Problem details
A faithful, picture-free copy of the listing below is required.

Input data
+---+

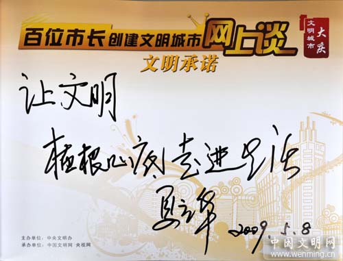 5月8日,黑龙江省大庆市市长夏立华接受中国文明网专访,就大庆市的文明城市创建工作等与网民进行互动交流。当日,由中央文明办主办,中国文明网、央视网承办,新华网协办的“百位市长创建文明城市网上谈”活动举行第十五场,第二批全国文明城市大庆市市长夏立华接受专场访谈。图为大庆市市长夏立华在文明承诺留言册上签下的寄语。中国文明网 胡栋 摄
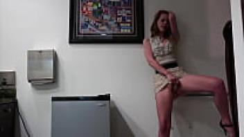 1030-II: A white woman wearing a satin set of thongs, dresses, stockings, and heels is sucking, rimming, and loving.
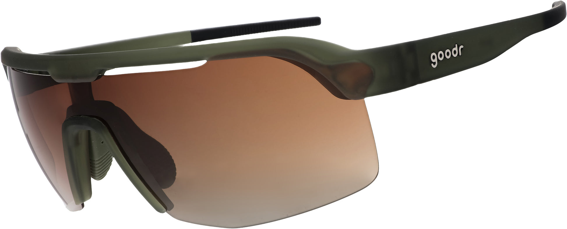 Green shield sunglasses w/ half-rim frames & amber gradient lenses shield you from light above while giving you better visibility of your feet. Won't slip or bounce while you deadlift fallen palm trees or wrassle a gorilla for the last coconut water.

+---+

Exercise solution
 5月8日,黑龙江省大庆市市长夏立华接受中国文明网专访,就大庆市的文明城市创建工作等与网民进行互动交流。当日,由中央文明办主办,中国文明网、央视网承办,新华网协办的“百位市长创建文明城市网上谈”活动举行第十五场,第二批全国文明城市大庆市市长夏立华接受专场访谈。图为大庆市市长夏立华在文明承诺留言册上签下的寄语。中国文明网 胡栋 摄
 1030-II: A white woman wearing a satin set of thongs, dresses, stockings, and heels is sucking, rimming, and loving.
 Green shield sunglasses w/ half-rim frames & amber gradient lenses shield you from light above while giving you better visibility of your feet. Won't slip or bounce while you deadlift fallen palm trees or wrassle a gorilla for the last coconut water.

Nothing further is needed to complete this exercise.